» What you have to do:
If pictures appear in the lines below, skip them and copy exactly the lines from the one containing "во время выступления." through the one containing "Buffalo Sabres Jim", and nothing else.

» Records provided:
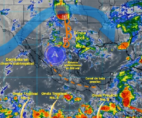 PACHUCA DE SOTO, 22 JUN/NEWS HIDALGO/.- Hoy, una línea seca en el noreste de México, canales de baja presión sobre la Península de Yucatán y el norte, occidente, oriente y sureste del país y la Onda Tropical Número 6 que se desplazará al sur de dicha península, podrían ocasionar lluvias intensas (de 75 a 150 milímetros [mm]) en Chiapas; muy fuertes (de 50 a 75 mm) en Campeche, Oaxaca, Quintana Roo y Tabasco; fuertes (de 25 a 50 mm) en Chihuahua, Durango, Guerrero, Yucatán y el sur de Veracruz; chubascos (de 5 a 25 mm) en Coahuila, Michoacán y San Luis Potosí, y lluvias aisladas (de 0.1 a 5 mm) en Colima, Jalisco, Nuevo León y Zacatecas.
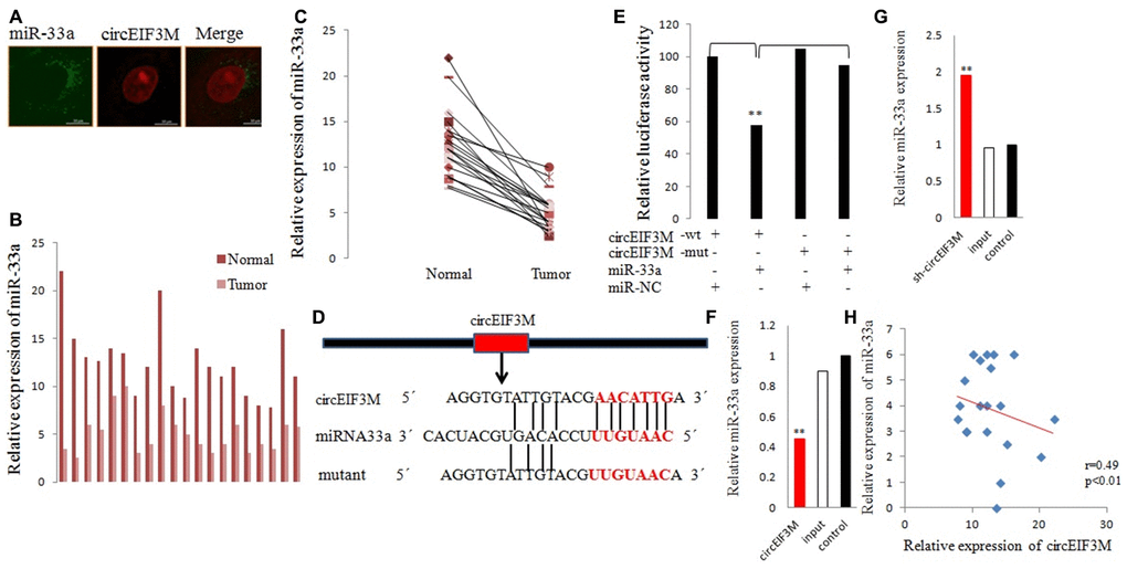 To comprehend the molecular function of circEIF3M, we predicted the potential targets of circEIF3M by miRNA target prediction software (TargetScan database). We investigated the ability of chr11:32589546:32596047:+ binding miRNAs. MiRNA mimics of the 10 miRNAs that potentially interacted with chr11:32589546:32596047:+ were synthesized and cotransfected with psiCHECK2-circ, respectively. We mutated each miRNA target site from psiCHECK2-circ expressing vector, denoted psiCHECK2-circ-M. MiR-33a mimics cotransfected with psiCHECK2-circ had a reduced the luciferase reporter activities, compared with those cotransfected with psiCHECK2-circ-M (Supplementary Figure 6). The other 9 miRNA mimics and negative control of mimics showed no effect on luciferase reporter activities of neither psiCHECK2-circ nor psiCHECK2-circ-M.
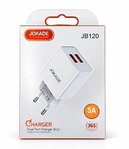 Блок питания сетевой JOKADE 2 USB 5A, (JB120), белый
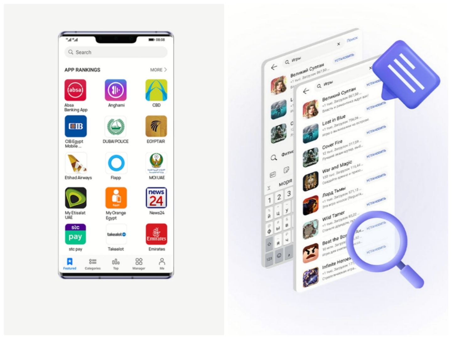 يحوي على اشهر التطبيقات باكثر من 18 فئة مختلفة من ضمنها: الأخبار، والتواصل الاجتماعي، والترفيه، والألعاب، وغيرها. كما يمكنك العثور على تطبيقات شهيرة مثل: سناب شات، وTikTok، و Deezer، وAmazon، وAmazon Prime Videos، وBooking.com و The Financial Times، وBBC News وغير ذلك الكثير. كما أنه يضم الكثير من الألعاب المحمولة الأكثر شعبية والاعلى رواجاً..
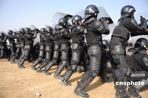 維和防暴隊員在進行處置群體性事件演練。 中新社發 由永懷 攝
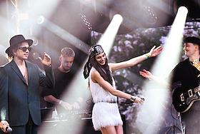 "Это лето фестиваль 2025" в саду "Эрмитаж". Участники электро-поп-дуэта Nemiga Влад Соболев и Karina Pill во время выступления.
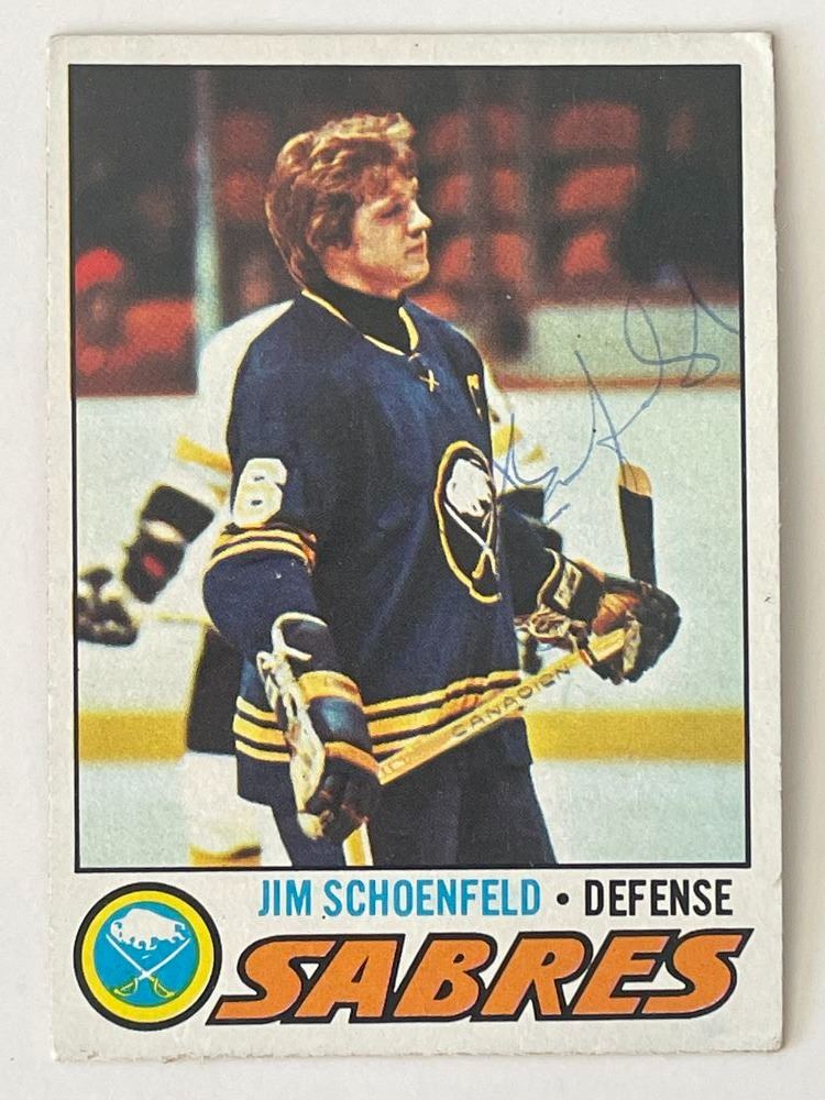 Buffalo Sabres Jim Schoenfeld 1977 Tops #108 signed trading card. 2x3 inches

==

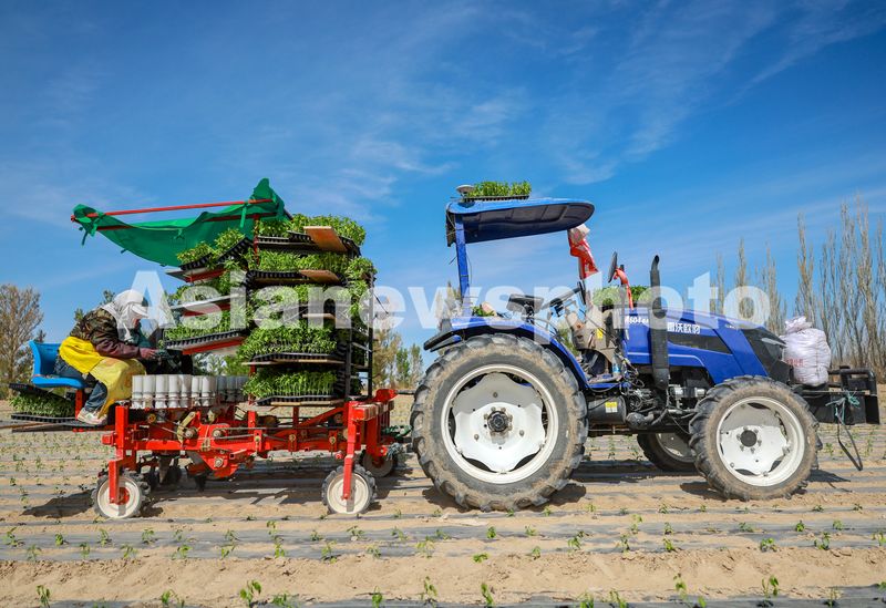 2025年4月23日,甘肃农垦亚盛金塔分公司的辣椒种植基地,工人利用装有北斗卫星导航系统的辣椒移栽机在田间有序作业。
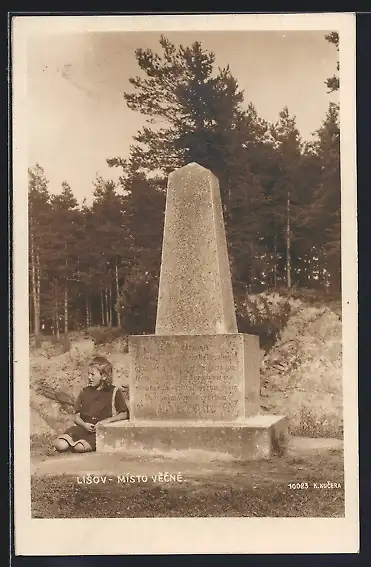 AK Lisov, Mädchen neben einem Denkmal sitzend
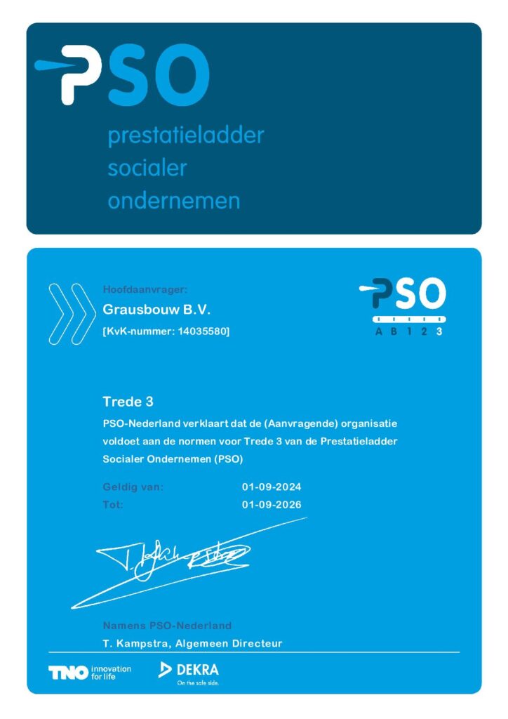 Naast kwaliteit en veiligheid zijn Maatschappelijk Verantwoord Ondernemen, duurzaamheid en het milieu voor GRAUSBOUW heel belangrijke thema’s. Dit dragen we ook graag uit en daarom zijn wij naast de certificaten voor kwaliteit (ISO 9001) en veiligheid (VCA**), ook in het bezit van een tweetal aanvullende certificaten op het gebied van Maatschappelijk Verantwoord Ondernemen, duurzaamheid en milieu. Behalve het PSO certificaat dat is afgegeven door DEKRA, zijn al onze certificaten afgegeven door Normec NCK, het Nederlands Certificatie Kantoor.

* * *

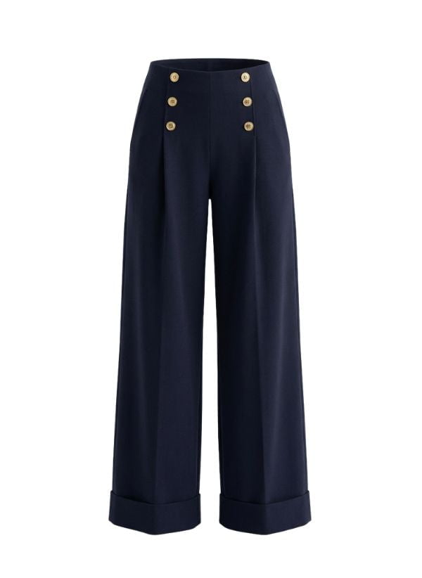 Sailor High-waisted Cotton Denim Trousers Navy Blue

» Worked solution:
 "Это лето фестиваль 2025" в саду "Эрмитаж". Участники электро-поп-дуэта Nemiga Влад Соболев и Karina Pill во время выступления.
 Buffalo Sabres Jim Schoenfeld 1977 Tops #108 signed trading card. 2x3 inches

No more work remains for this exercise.